It’s about time, in an effort to man myself up, that I got fit. So, this week I’ve officially signed up to my local gym. That’s right; I’m stupid enough to allow them to take a £31.50 direct debit out of my account each month in return for sweet FA. With the best will in the world, I’ll probably fail miserably. In fact, I urge you all to challenge me on a regular basis to find out if I have been putting my money to good use, or whether I’ll just waste those twelve instalments until I get the opportunity to cancel it.
I quite like the idea of being a gym member. It’s kind of like a little exclusive club that I’m now a part of… only, I think I’m the only 6’3” pale gangly fellow there. Having put on my gym kit the other day, I couldn’t help but think that I actually looked like a 12 year old girl. I mean, there are some proper machines at the gym – proper muscle bound freaks and ones that will no doubt bully me off the equipment. After all, if I stand sideways then they probably won’t be able to see me using it because I’m so scrawny. When I went in the other day, there were all these meatheads in there just pumping iron, looking at themselves all oily in the mirror and sat thinking “Ohhhh yeeeeah”. Although despite me tensing up my little pigeon chest… I’m not actually ashamed to be so slender, nope. It’s quite something to boast that if I were a woman, I’d probably be a size 0 (in your face women) and that I’d have sexy legs – just a tad hairy. But, cross dressing aside, it’s time to get fit. As I say to my fat housemate, he really needs to turn that A into an I. The fatty.

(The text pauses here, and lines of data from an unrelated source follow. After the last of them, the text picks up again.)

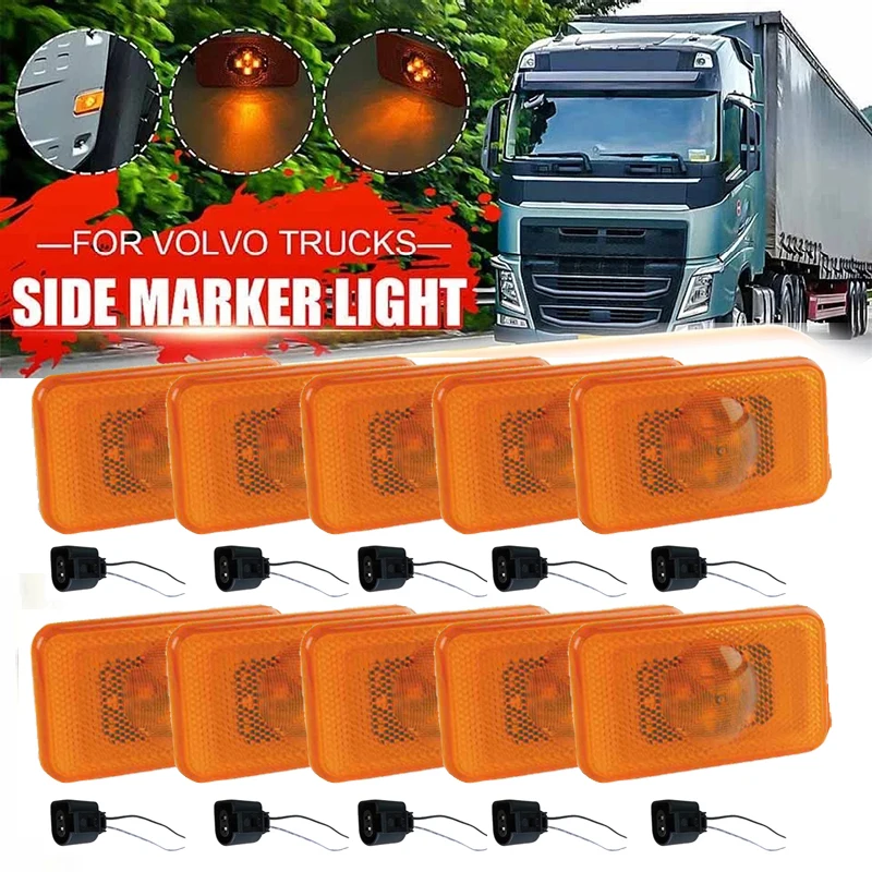 Желтая желтая светодиодная боковая лампа 10x24 В, фонарь со штекером для провода для Volvo FH & FM DAF LF45 Renault 20789440 20398660
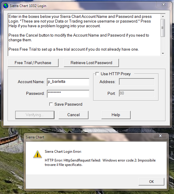 Most likely this is due to Internet Explorer set to be working off-line. Refer to the instructions here: https://www.sierrachart.com/index.php?l=doc/LoginInstructions.php#LoginProblems Sierra Chart Support - Engineering Level Your definitive source for support. Other responses are from users. Try to keep your questions brief and to the point. Be aware of support policy: https://www.sierrachart.com/index.php?l=PostingInformation.php#GeneralInformation For the most reliable, advanced, and zero cost futures order routing, *change* to the Teton service: Sierra Chart Teton Futures Order Routing Date Time Of Last Edit: 2013-10-11 15:56:29
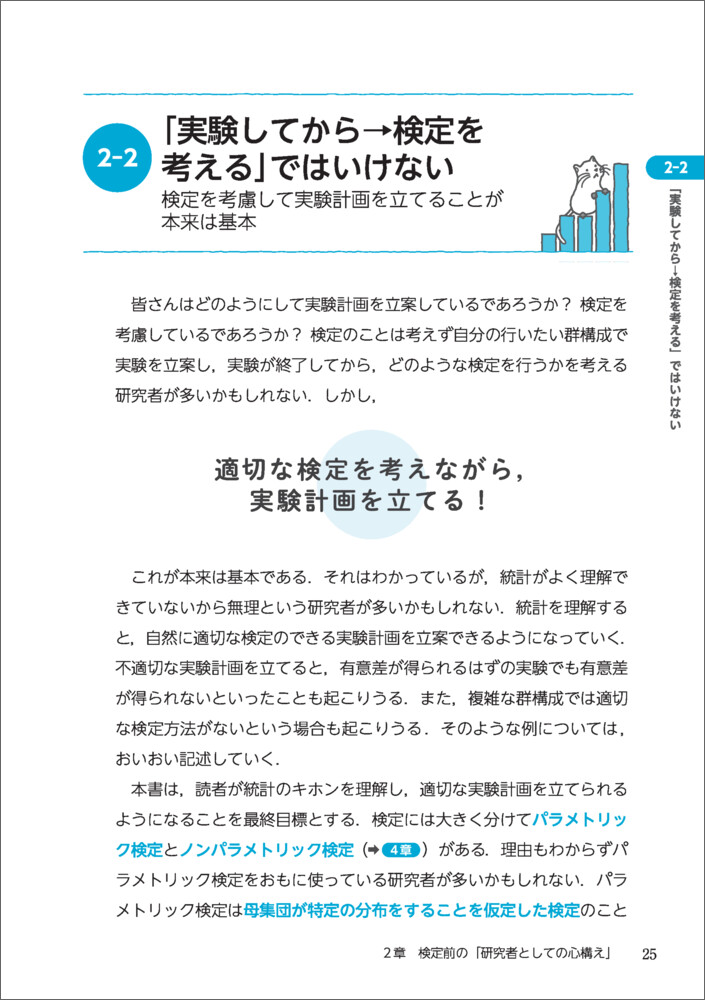 「実践的な統計が身につく」と評判の書籍が7年ぶりに改訂,決定版として登場!検定法の理解に必須な基本がするっとわかります.実験後に検定法を考えている,SDとSEの使い分けが不安…という研究者は必読です!
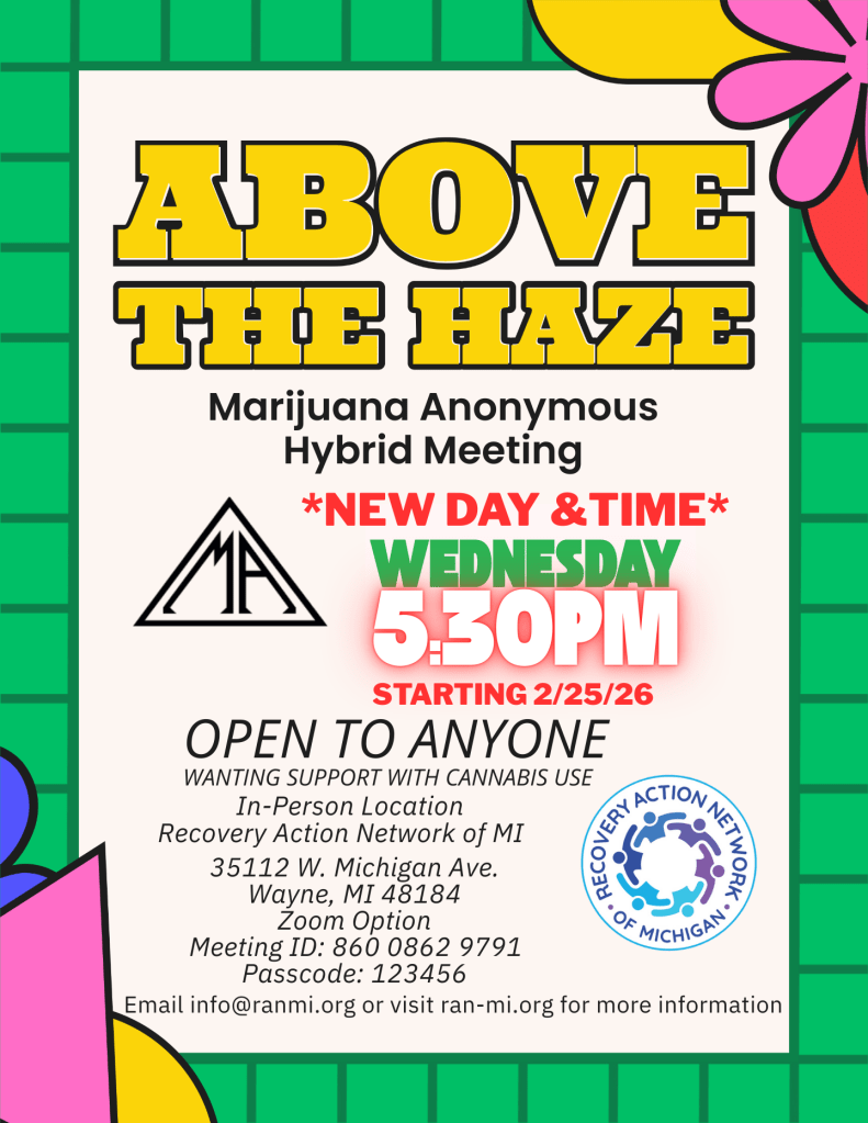 Above the Haze is a hybrid meeting of Marijuana Anonymous (MA), open to anyone seeking support in changing their relationship with cannabis. Using MA literature and the Twelve Steps, participants share experience, strength, and hope in a welcoming, non-judgmental space. The meeting takes place every Wednesday at 5:30 PM. Join us in person at RANMI’s Recovery Center or virtually via Zoom (click here for zoom link). There are no membership requirements—just a desire to stop using marijuana and build a life Above the Haze.
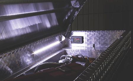 The battery led light works great for lighting a truck bed. Very easy to install and the double sided mounting tape is extremely strong. The batteries last a long time. Great product.
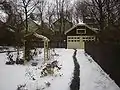 Arbor and garage; the arbor has been rebuilt following the original design.
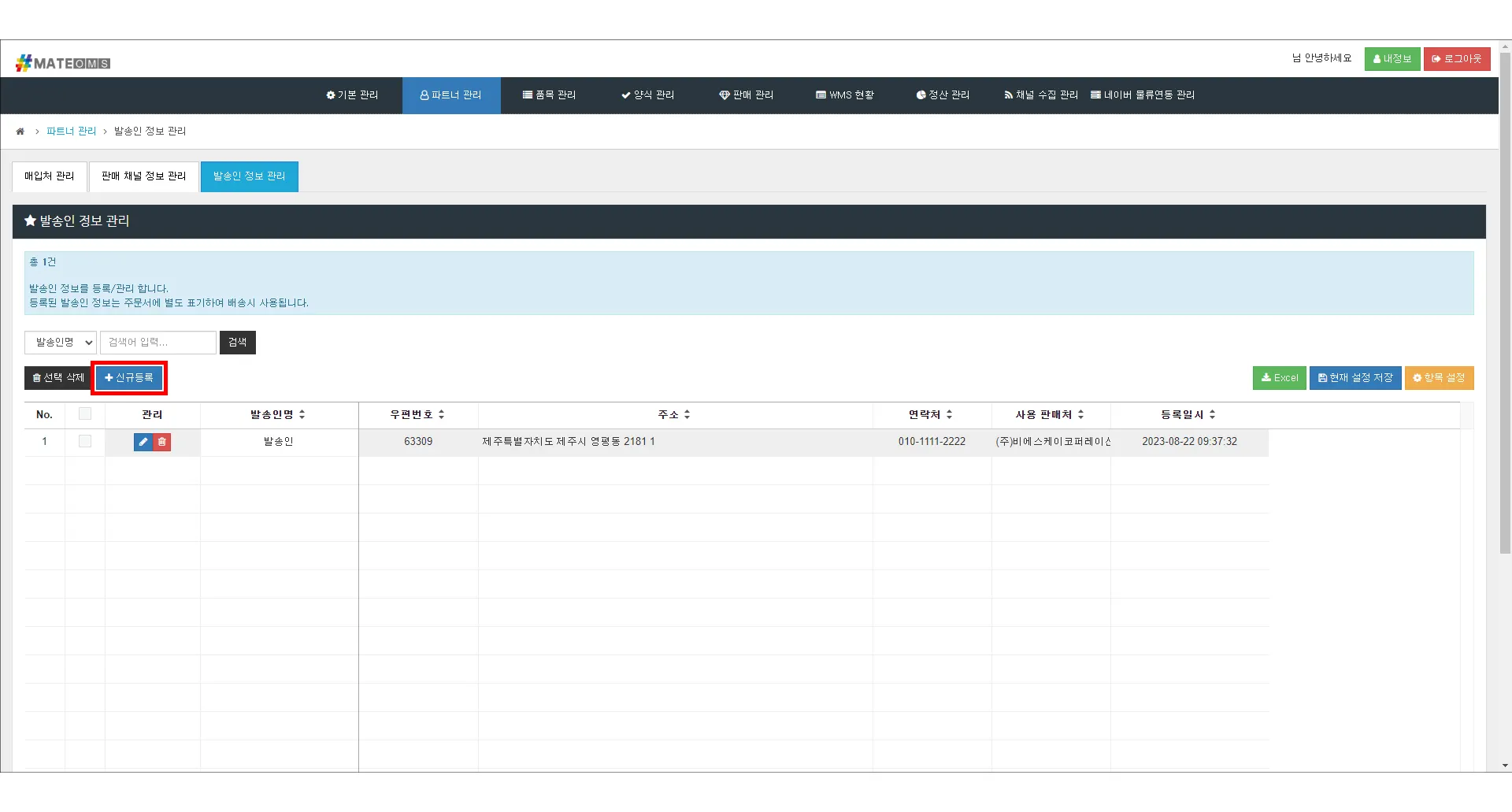 1. [파트너 관리] > [발송인 정보 관리]에서 ‘+신규등록’ 버튼 클릭
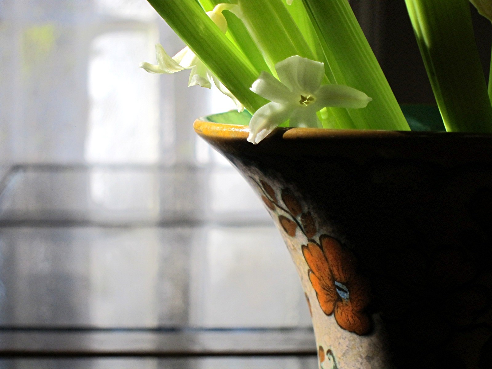 I recently brought her some white hyacinths… the blossoms were just beginning to unfurl, and the fragrance was heavenly. Later in the evening, H emerged from his mom’s living room with a look of excitement. She had chosen a vase that I had never seen before, but one that H remembered from his childhood. I later learned that she had received this hand-painted gift almost 70 years ago, as a young woman in Holland. I’m delighted that this treasure is once again seeing the light of day.
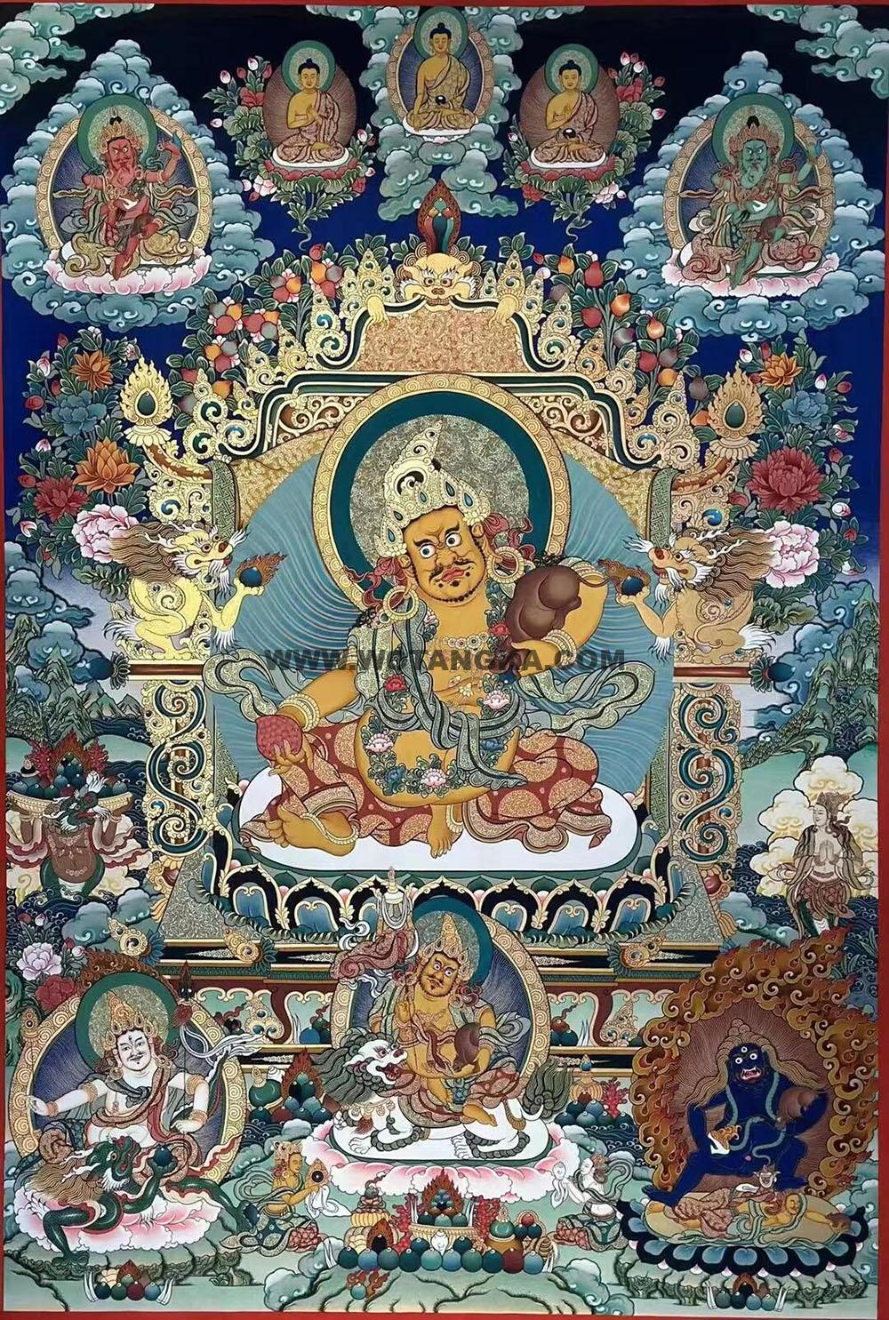 编号188-995734:彩绘唐卡-黄财神·五方财神(100*70CM左右) | 沃唐卡www.WoTangKa.com
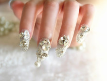 新品包邮3D新娘美甲假指甲成品假指甲可爱贴片 背胶婚纱影楼写真

Though, I think I might have developed some sort of phobia of the gym already. I’m a tad worried that these meatheads are going to be thinking “Er, what’s this child doing in the gym?”, before I go over and politely ask “can I borrow this weight?”, before they pick it up with ease, pass it to me and I’m forced to drag it along the floor. Is it just me with this new phobia of the gym and general gymyness? Or I am just looking for even more reasons not to go…?
If by some miracle you happen to see my sweating it out at the gym, do me a favour will you? Can you pick up the weight for me that I’m dragging along the floor? Many thanks.